▶ [Records provided]
/---

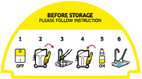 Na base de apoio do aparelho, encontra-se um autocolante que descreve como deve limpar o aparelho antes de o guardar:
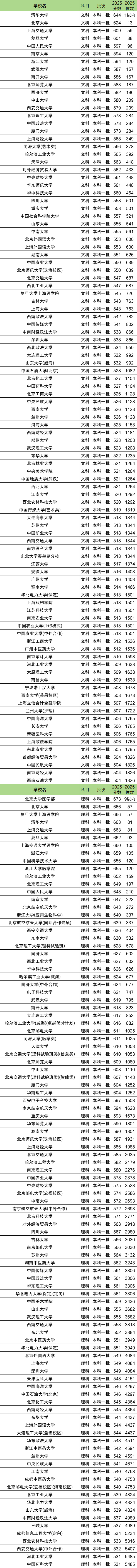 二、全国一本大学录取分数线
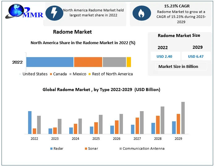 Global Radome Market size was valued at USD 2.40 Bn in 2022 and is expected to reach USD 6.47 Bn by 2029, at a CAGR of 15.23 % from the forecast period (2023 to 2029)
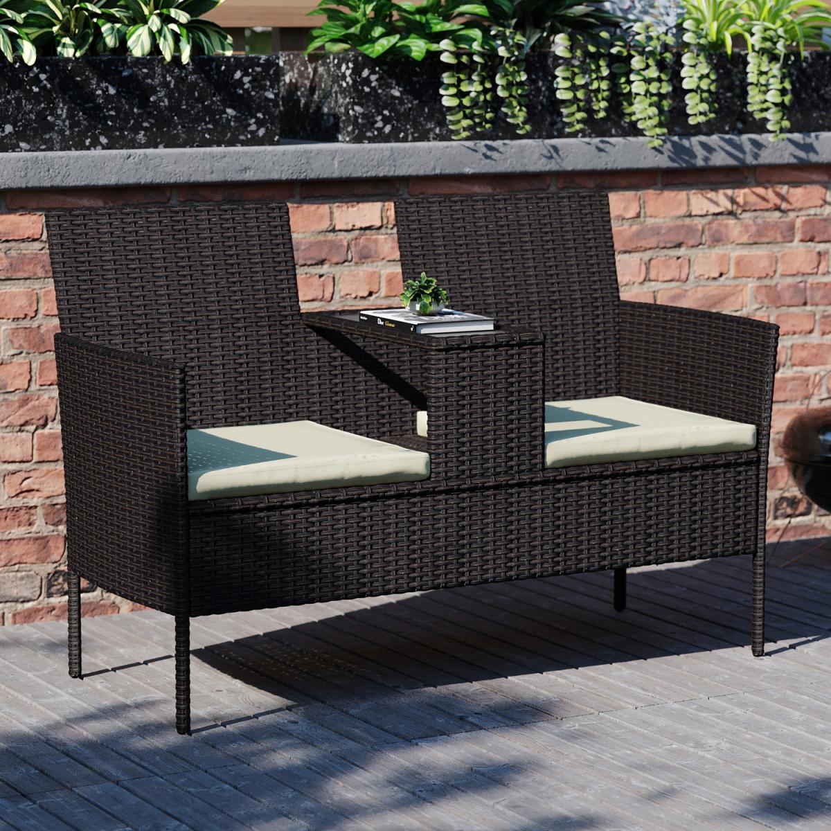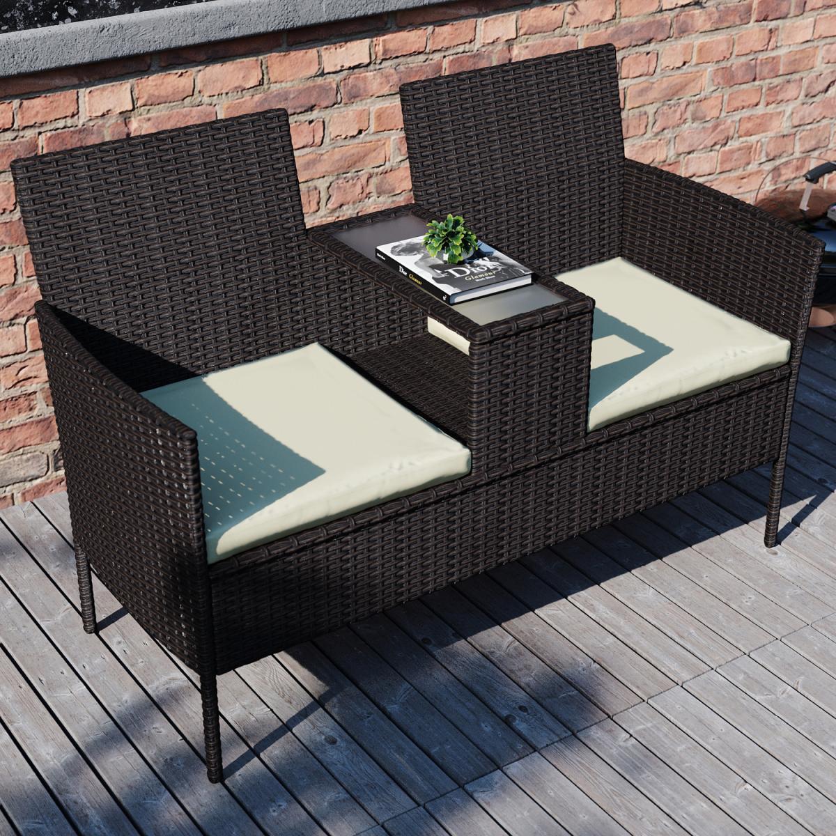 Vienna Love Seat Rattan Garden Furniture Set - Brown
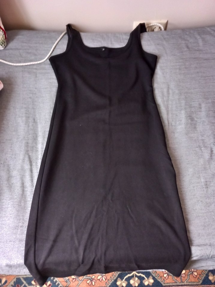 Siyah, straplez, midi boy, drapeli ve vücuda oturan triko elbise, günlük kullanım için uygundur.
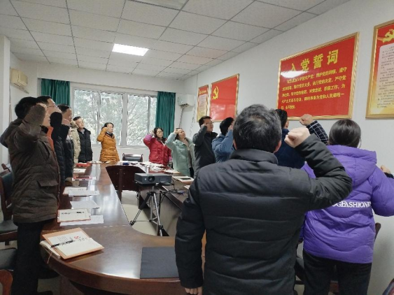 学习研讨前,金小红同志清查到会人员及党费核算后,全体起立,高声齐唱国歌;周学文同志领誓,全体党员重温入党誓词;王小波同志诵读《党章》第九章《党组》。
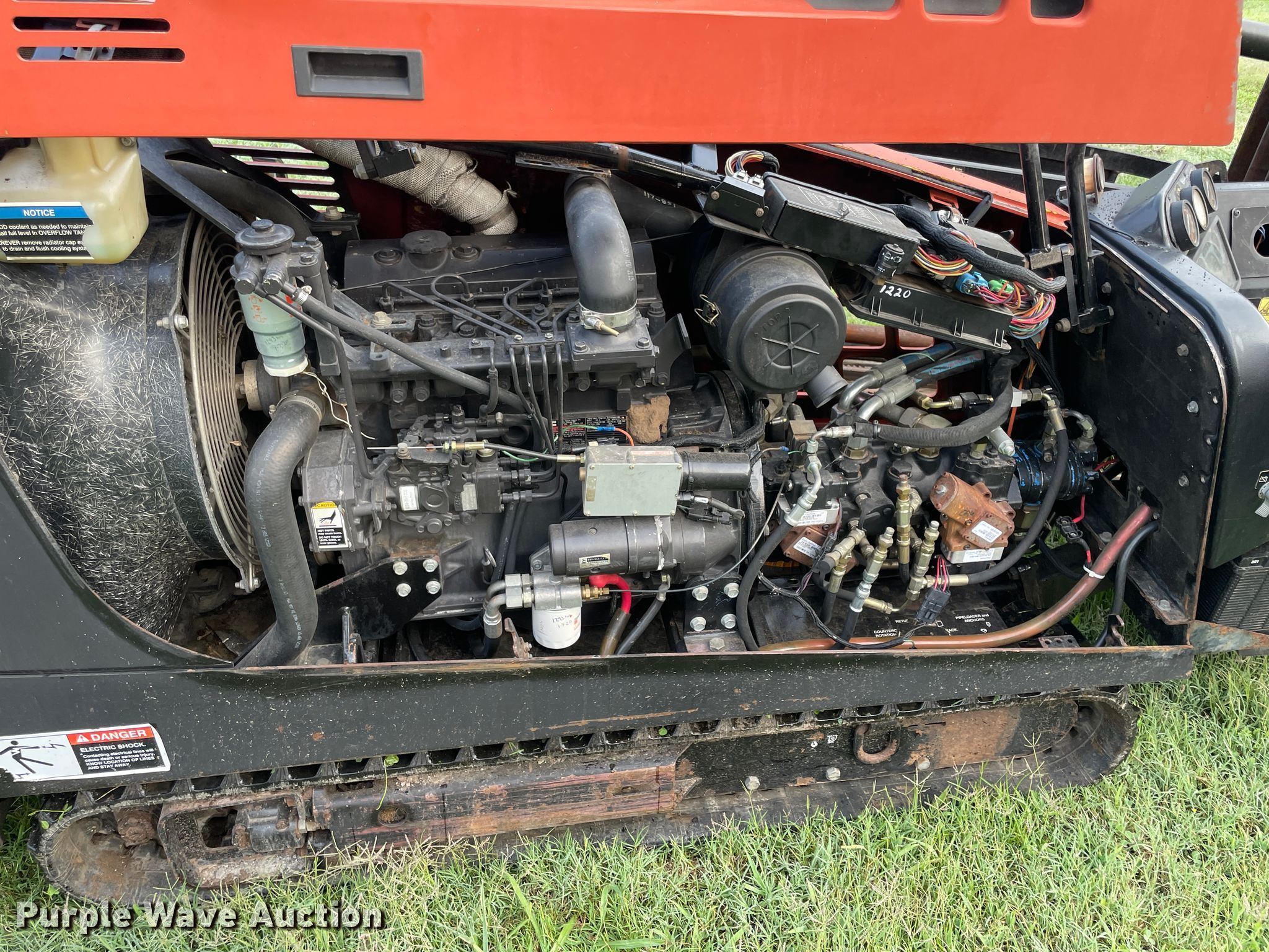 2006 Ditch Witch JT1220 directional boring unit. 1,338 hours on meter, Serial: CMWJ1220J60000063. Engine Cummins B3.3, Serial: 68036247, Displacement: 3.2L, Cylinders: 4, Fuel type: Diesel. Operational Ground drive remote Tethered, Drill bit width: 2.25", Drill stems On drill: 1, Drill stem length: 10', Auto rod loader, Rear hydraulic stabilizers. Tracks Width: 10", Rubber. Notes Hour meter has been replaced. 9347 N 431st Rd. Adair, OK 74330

\---
/---

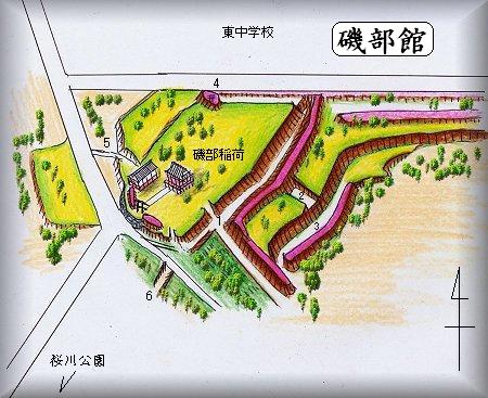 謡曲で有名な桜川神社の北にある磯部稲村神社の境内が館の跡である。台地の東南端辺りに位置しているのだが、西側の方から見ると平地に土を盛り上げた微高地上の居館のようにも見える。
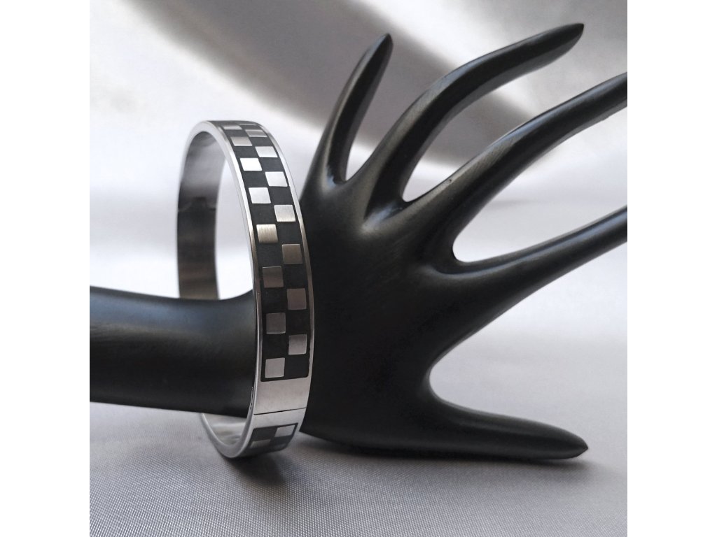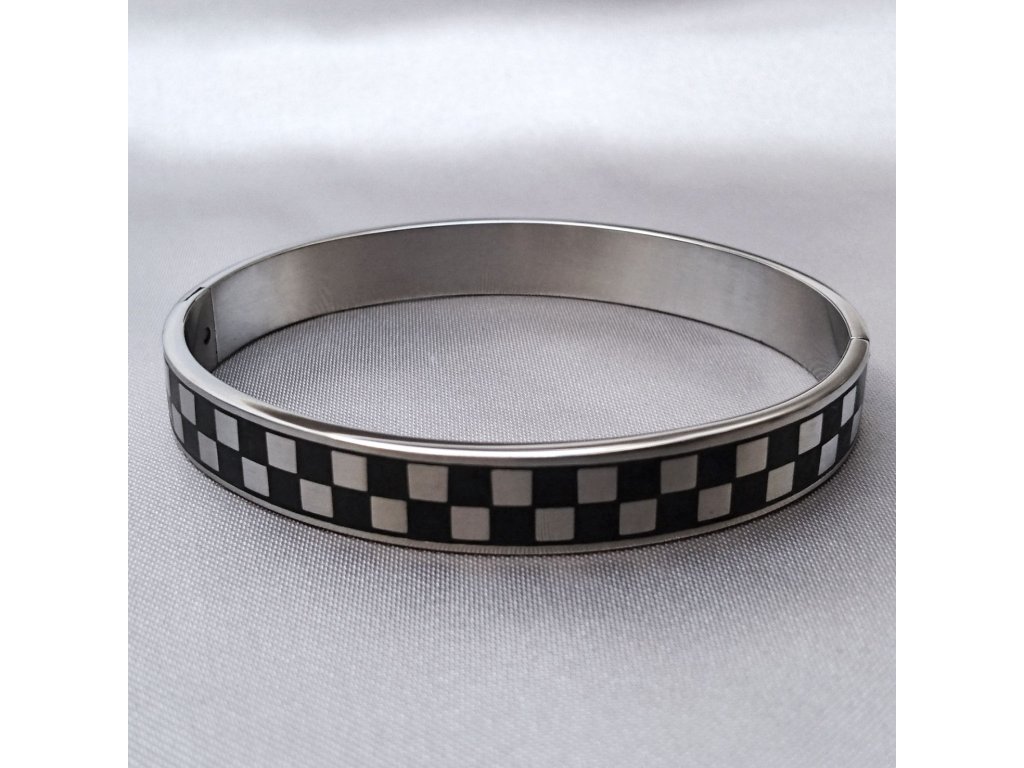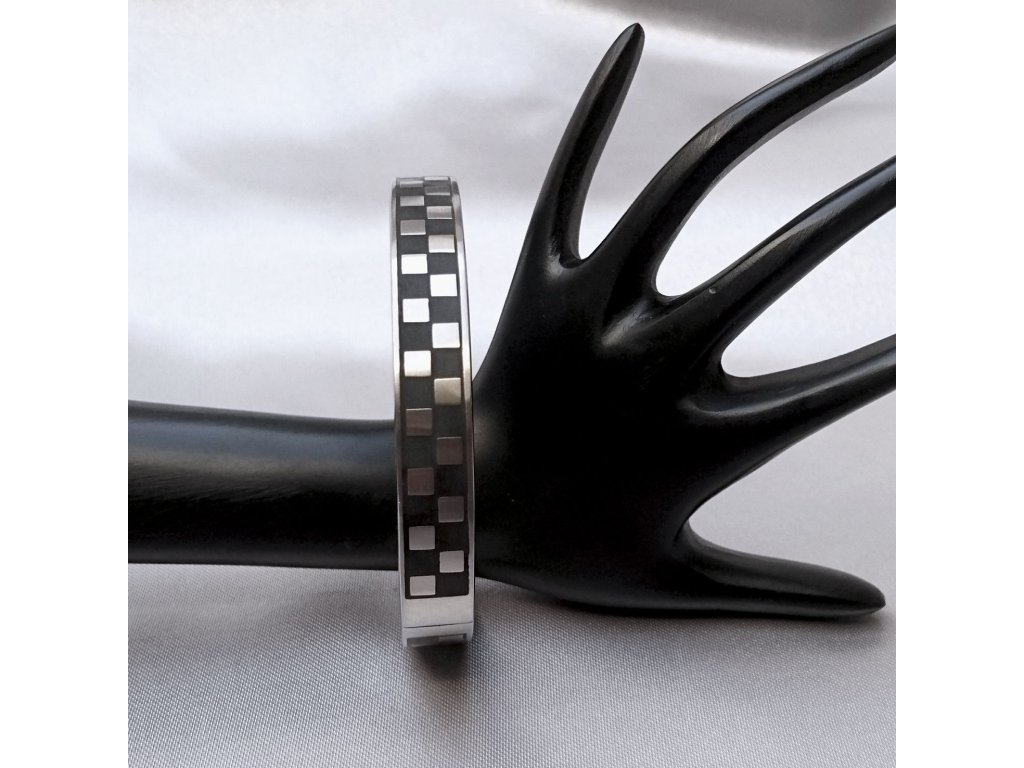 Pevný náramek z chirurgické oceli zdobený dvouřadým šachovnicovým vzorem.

\---

▶ [What you need to do] Write back word for word every line in the entries above from the one with "Siyah, straplez, midi" to the one with "2006 Ditch Witch", ends included, and none of the pictures.

▶ [Output below]
 Siyah, straplez, midi boy, drapeli ve vücuda oturan triko elbise, günlük kullanım için uygundur.
 学习研讨前,金小红同志清查到会人员及党费核算后,全体起立,高声齐唱国歌;周学文同志领誓,全体党员重温入党誓词;王小波同志诵读《党章》第九章《党组》。
 2006 Ditch Witch JT1220 directional boring unit. 1,338 hours on meter, Serial: CMWJ1220J60000063. Engine Cummins B3.3, Serial: 68036247, Displacement: 3.2L, Cylinders: 4, Fuel type: Diesel. Operational Ground drive remote Tethered, Drill bit width: 2.25", Drill stems On drill: 1, Drill stem length: 10', Auto rod loader, Rear hydraulic stabilizers. Tracks Width: 10", Rubber. Notes Hour meter has been replaced. 9347 N 431st Rd. Adair, OK 74330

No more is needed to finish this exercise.